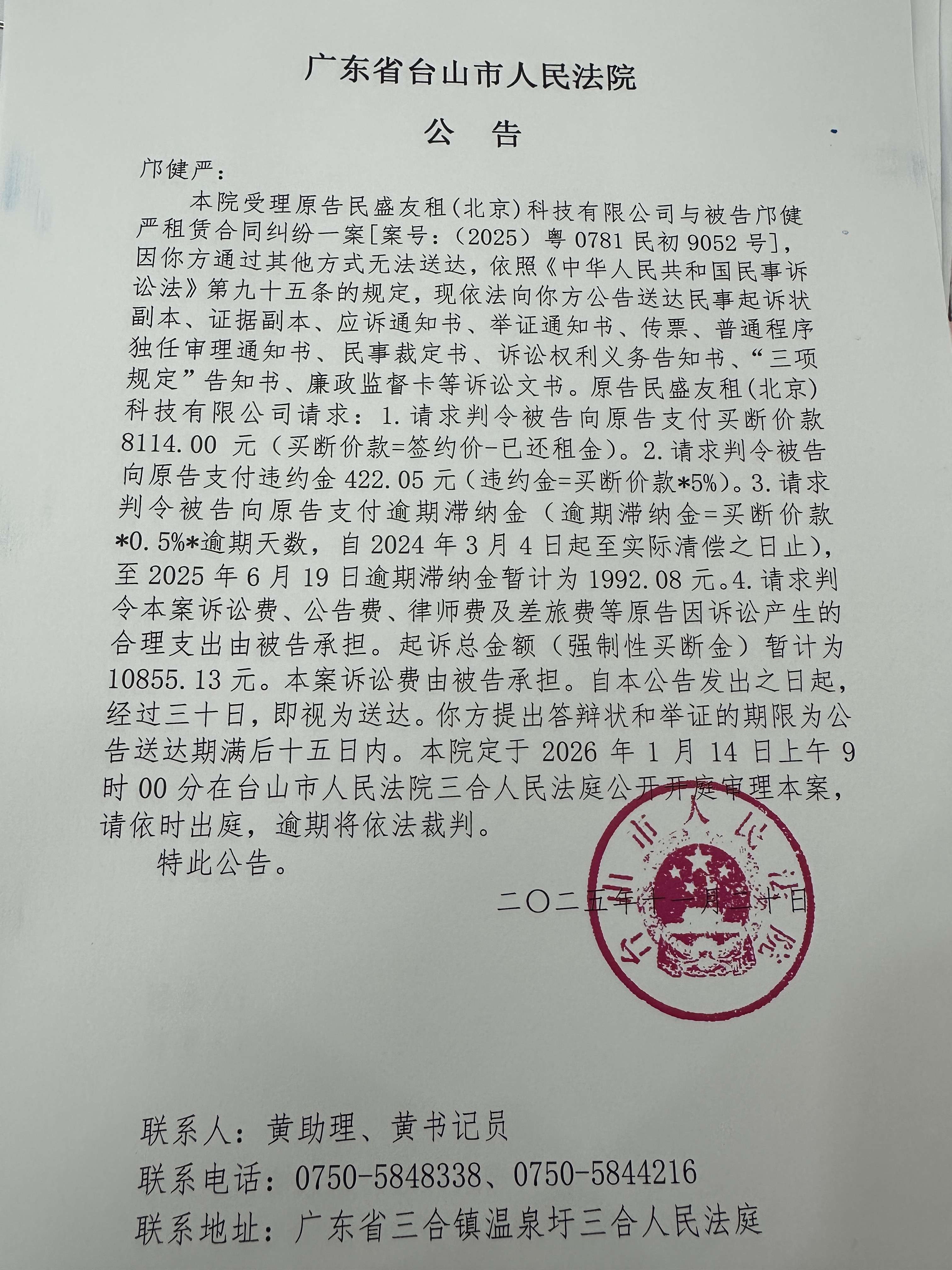 来源: 台山市人民法院 时间:2025-11-20 14:57
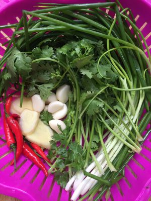 把香菜段芝麻和小米辣麻椒放在丸子上在重新起锅放适量油油冒烟之后浇在小米辣和麻椒上
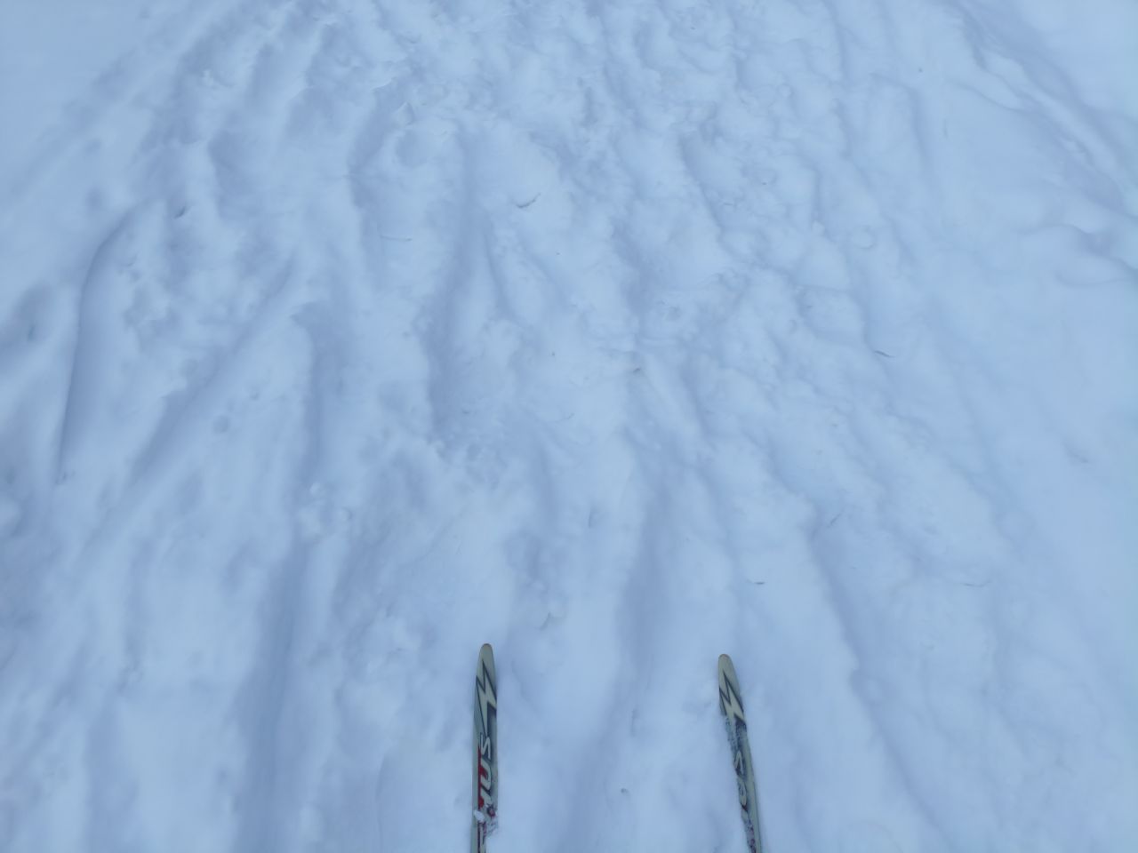 В поле все 4 петли на 4/5, хотя видно что техники не было с прошлого года. Немного палки проваливаются. В лесу бетон и очень узко, на спусках несет.
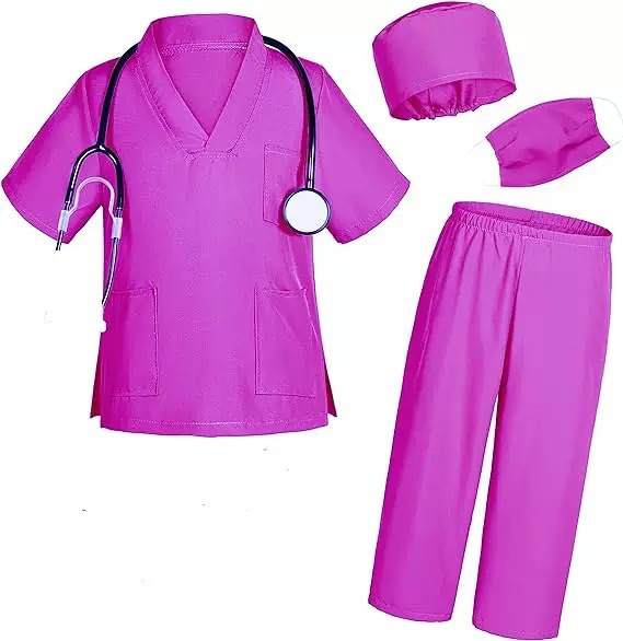 • 印花大褂+粉色手术服+听诊器

* Aim of the exercise:
Would you please copy the material exactly, leaving all the pictures out?

* Answer to this problem:
 来源: 台山市人民法院 时间:2025-11-20 14:57
 把香菜段芝麻和小米辣麻椒放在丸子上在重新起锅放适量油油冒烟之后浇在小米辣和麻椒上
 В поле все 4 петли на 4/5, хотя видно что техники не было с прошлого года. Немного палки проваливаются. В лесу бетон и очень узко, на спусках несет.
 • 印花大褂+粉色手术服+听诊器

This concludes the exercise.